Jan Cunningham
- Birth name: Jan Cunningham
- School: Bangor Grammar School
- University: Trinity College Dublin
- Notable relative(s): Bryn Cunningham (brother)

Rugby union career
- Position(s): Wing, centre, fullback

Amateur team(s)
- Years: Team / Apps / (Points)
- 1993-1997: Dublin University /  / ()
- 1997-1999: Ballymena R.F.C. /  / ()
- 1999-: Dungannon RFC /  / ()

Senior career
- Years: Team / Apps / (Points)
- 1995-2002: Ulster / 54 / ()
- Correct as of 2 December 2022

= Jan Cunningham =

Irish rugby union player

Jan Cunningham is an Irish former rugby union player, who played centre, wing and fullback for Ulster.

He was educated at Bangor Grammar School, where he captained the 1st XV at rugby and the 1st XI at cricket. He captained Ulster Schools, was part of the Ireland Schools team that won the Triple Crown.

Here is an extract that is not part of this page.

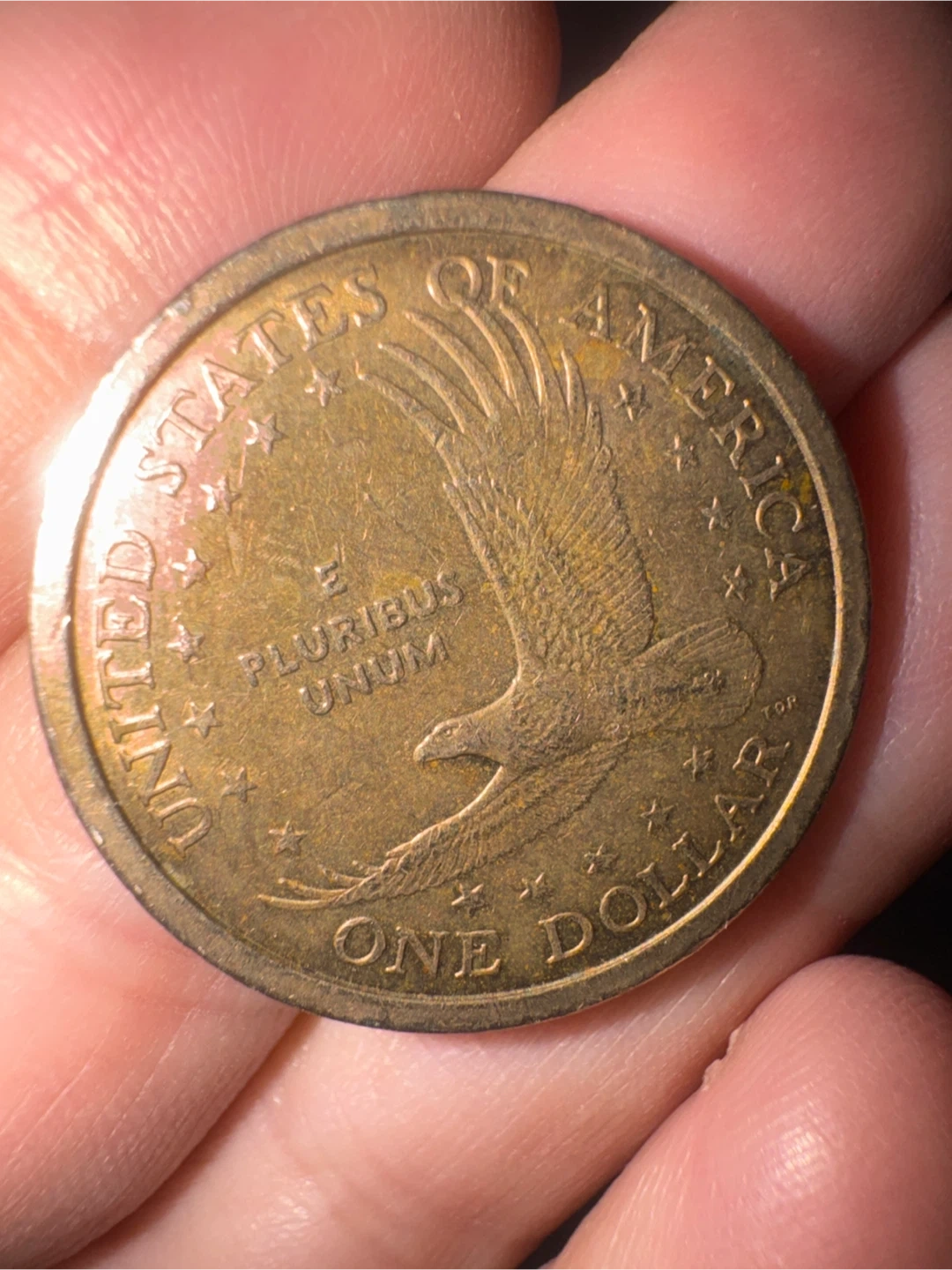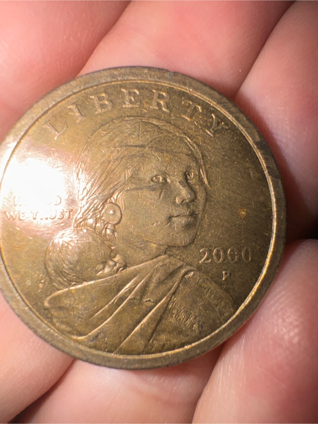 This is a "Sacagawea" dollar coin from the United States, minted in 2000. The coin features an eagle on one side and Sacagawea with her baby on the other. It's a standard one-dollar coin.

He studied Law at Trinity College Dublin, playing rugby for Dublin University, and was selected for Ireland at under-19 and under-21 level. He made his debut for Ulster against Munster in 1995. After completing his law degree in 1997, he joined Ballymena R.F.C. And signed a full-time contract with Ulster. He played all but one of Ulster's Heineken Cup matches in the first four seasons of the competition. He was part of the Ulster team who won the 1999 Heineken Cup, scoring three tries during the campaign. He started the final, but fractured his jaw and cheekbone in a tackle early in the first half, and was withdrawn at half-time. Internationally, played for Ireland 'A' and Ireland Sevens, and was an unused substitute for the senior Ireland team in a friendly against Canada in 1997. At club level, he moved to Dungannon RFC before the 1999-2000 season, and was part of the Dungannon team who were the first Ulster club to win the All-Ireland League in 2001.

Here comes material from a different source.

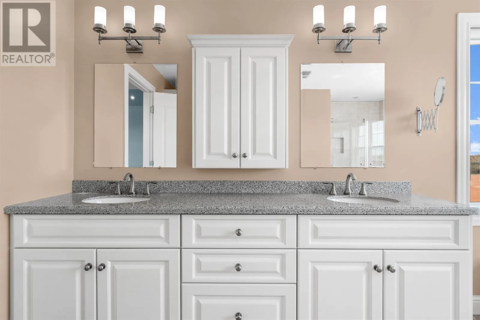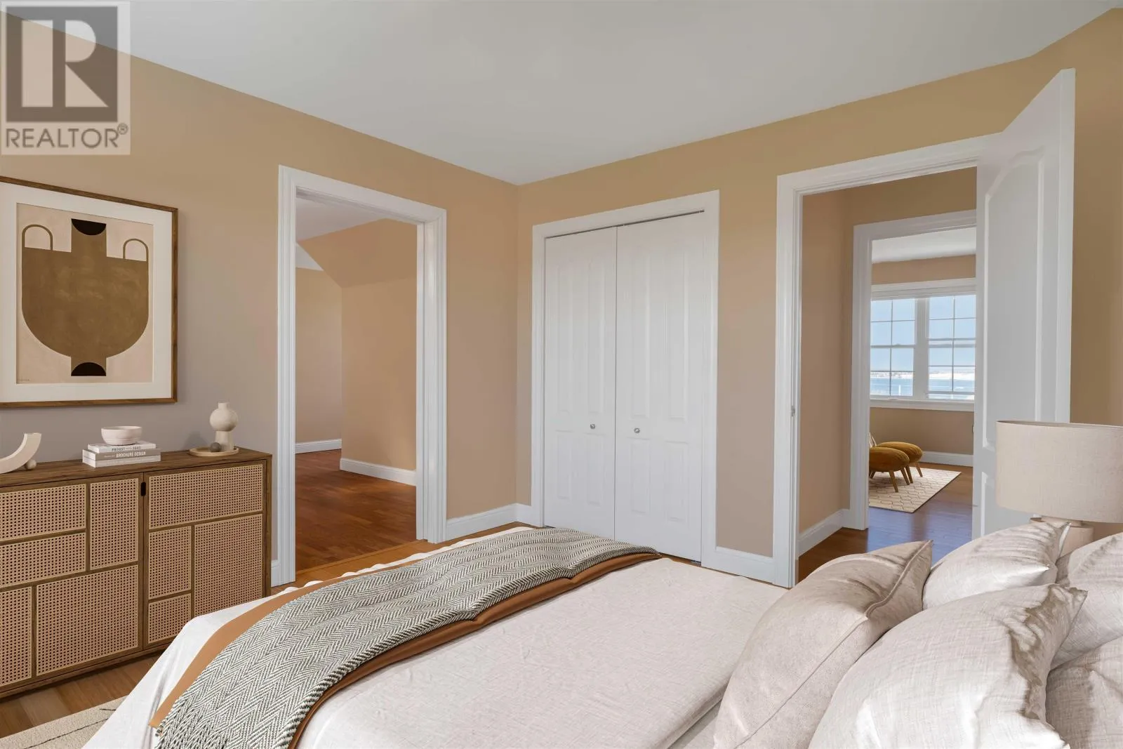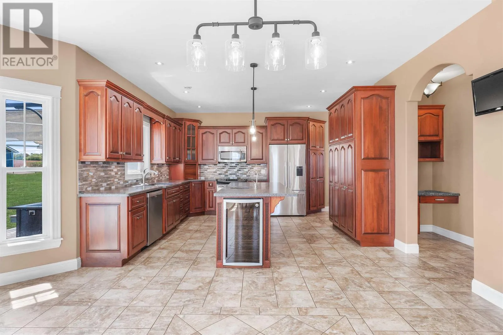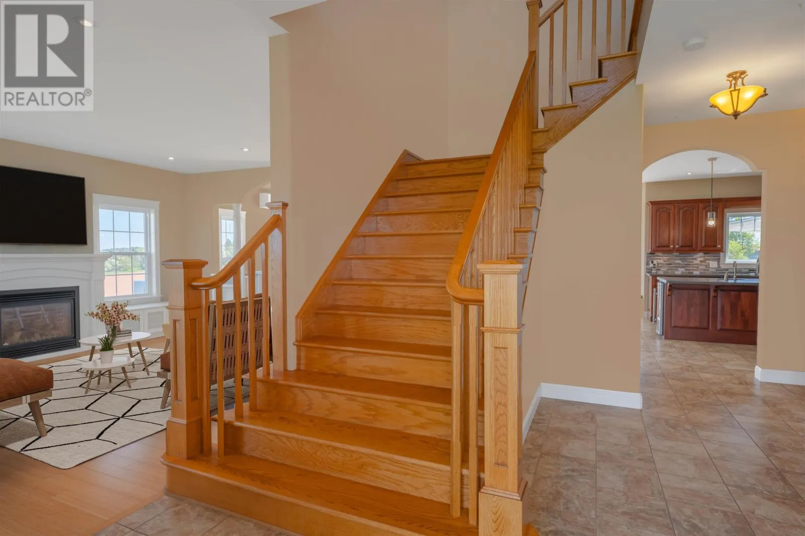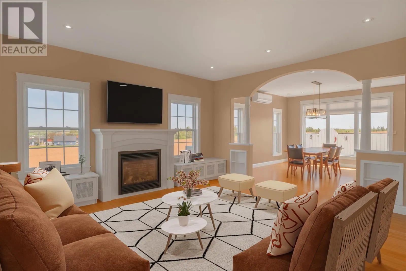 Set on a rise facing the still waters of St. Peters Bay, this estate was designed to feel both rooted and expansive. The approach is formal yet inviting, with clean architectural lines, mature landscaping, and an enduring sense of quiet elegance. Every element of the home has been shaped by function, proportion, and the light that moves across the property from morning to evening. Inside, the main level flows through a series of beautifully scaled rooms. The living room centres on a propane fireplace and opens into a dining area designed for gathering. A custom hardwood kitchen with detailed cabinetry and warm finishes anchors the space. The main floor also includes a dedicated laundry room and access to the heated three-car garage. Upstairs, the primary suite opens to a covered balcony overlooking the bay. The ensuite features a deep soaking tub beneath picture windows and a glass walk-in shower finished with tile. A full dressing room offers generous storage. Two additional bedrooms share the upper floor, along with a full bathroom. The vaulted bonus room above the garage is filled with natural light and offers flexibility for use as a fourth bedroom, studio, or retreat. The lower level includes a half bath and partially finished space with potential for cinema, gym, or additional living. The home is heated with a geothermal system and four ductless heat pumps across five zones. A detached garage offers additional storage or workshop potential. The grounds are bordered by mature trees and curated perennial beds. A heated pool and pergola create an outdoor atmosphere of leisure and refinement. Located minutes from the Nordic Spa and the protected shoreline of Greenwich, this is a property that brings together coastal clarity and lasting architecture. (id:27476)

He fell out of favour at Ulster under head coach Alan Solomons, who left him out of the squad for the 2001–02 Heineken Cup. His final appearance for the province came in December 2002, after a series of injuries left the team short of centres for a Heineken Cup tie against Biarritz Olympique, scoring a try in a narrow defeat. His contract was up at the end of the 2002-03 season, and he was not offered a new one. He had made 54 appearances for the province. He resumed his legal career as a trainee solicitor with Millar McCall Wylie, rising to become a partner at the firm in 2011. His younger brother Bryn also played for Ulster, and has been the team's Operations Director since 2015.